Welcome to Cambodia

Hanging out in Phnom Penh

Last updated on December 5th, 2018


King Father Norodom Sihanouk composed a famous song called “Phnom Penh”, which croons about the local “joie de vivre”. Those were happier times in the 1960s. But Phnom Penh is still moving and shaking (not necessarily in the right directions), and abuzz with local arts, galleries, performances, eateries, drinkeries and generally loud noise. In our posts on activities and things to do in Phnom Penh, you’ll find more ideas of what the locals do for fun. People do what people do around the world. They sleep, eat and drink, meet friends, go run around the Monument of Independence or just relax with their shirts rolled up over their pot bellies (for gentlemen only).


A Small Cosmopolitan City

For a small city, Phnom Penh also has a thriving expatriate community. It is well connected to most Asian cities with flights several times a day to Bangkok, Kuala Lumpur, Saigon, Seoul, Shanghai, Singapore. There are a lot of foreigners around, and they’re not all tourists. Shady businessmen cut shady business deals in their striped shirts, but also staff from international organisations (all possible UN agencies, World Bank and other development banks of the World), missionaries of all creeds and misfits that don’t fit here either make for a rather cosmopolitan city.

Real international foods and products are easy to come by, from Bordeaux Chateaux to sushis. Cambodia imports everything, which makes the cost of living in Phnom Penh more expensive than neighbouring countries despite the lower local purchasing power.


Cambodia Comes to Phnom Penh

Because of the War, most folks you’ll encounter during your stay who were born before 1975 are originally not from Phnom Penh (the real Phnom Penhers did not survive Brother Number 1).
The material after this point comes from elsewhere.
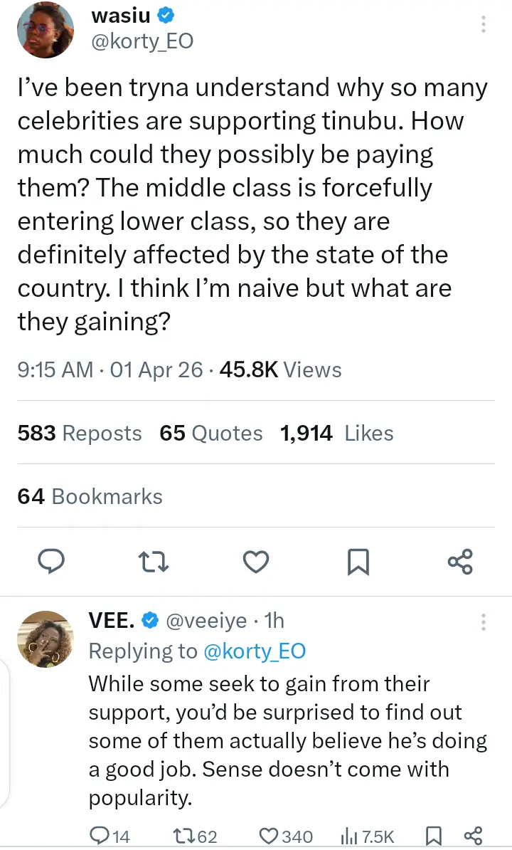 Her statement is coming after Korty EO asked what the celebrities are gaining for supporting President Bola Ahmed Tinubu.

Phnom Penh attracts lots of people from Cambodia’s provinces: the jobs in government, garment factories, hotels and other services are here.
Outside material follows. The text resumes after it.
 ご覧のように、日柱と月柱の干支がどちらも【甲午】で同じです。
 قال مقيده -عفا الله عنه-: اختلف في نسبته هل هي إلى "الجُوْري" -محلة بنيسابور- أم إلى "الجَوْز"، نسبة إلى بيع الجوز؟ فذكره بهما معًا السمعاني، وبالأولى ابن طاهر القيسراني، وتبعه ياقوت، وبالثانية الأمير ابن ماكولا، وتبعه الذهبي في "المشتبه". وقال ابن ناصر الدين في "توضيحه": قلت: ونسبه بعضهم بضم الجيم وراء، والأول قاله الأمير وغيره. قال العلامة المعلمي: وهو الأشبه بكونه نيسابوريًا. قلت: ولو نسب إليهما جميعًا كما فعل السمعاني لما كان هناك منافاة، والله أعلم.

The Rest of Cambodia is not like Phnom Penh, not as audacious or assertive, and not as full of hot air and grandiloquence. But the whole of Cambodia comes to Phnom Penh, in particular during the Water Festival, a major opportunity for provincial folks to come and compete in boat races and another opportunity to hang out.
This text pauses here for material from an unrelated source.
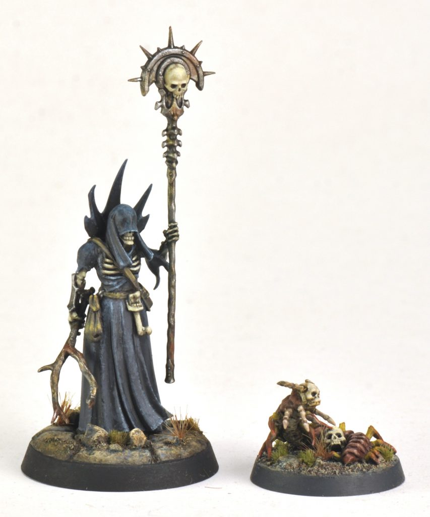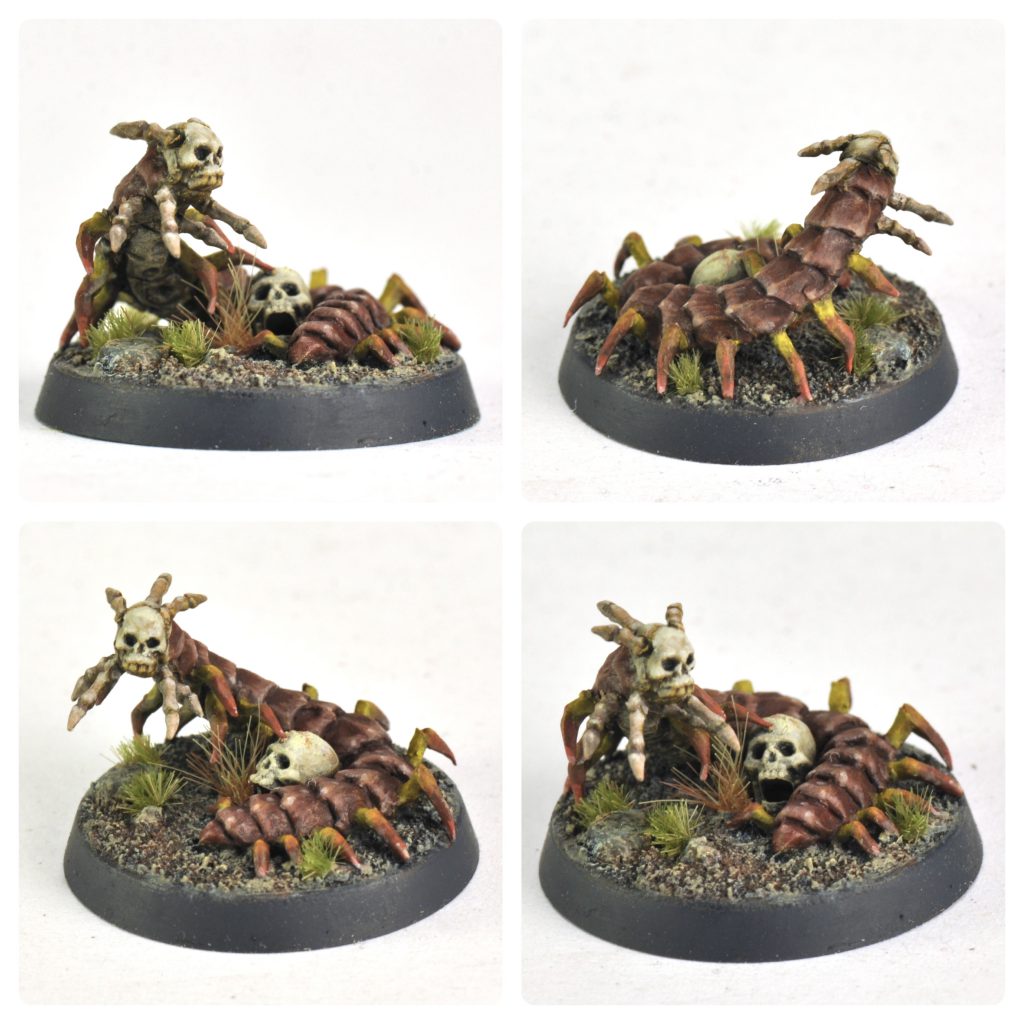 The other project was a necromantic remnant for Necropolis. This was built out of a small skull bit off a Tomb King standard, some little finger boney bits off Bonereapers Arch-Kavalos, Dryad fingers, and greenstuff for the centipede body.

Go On, Hang On and Hang Out the Phnom Penh Way

People hang out in Phnom Penh. Even when people stay at home, they’re hanging out in front of their house (selling phone cards and cold drinks to passersby or simply chatting with neighbours). Friends, colleagues and relatives don’t need much convincing for a bowl of Kuy Teav Phnom Penh (Phnom Penh noodle soup), a can of Angkor beer or some grilled meats. Pick up the phone, text your friends, hop on your motorcycle… Don’t stay indoors, you’ll meet plenty of us out and about the Royal Capital of the Kingdom of Cambodia as Phnom Penh is officially known.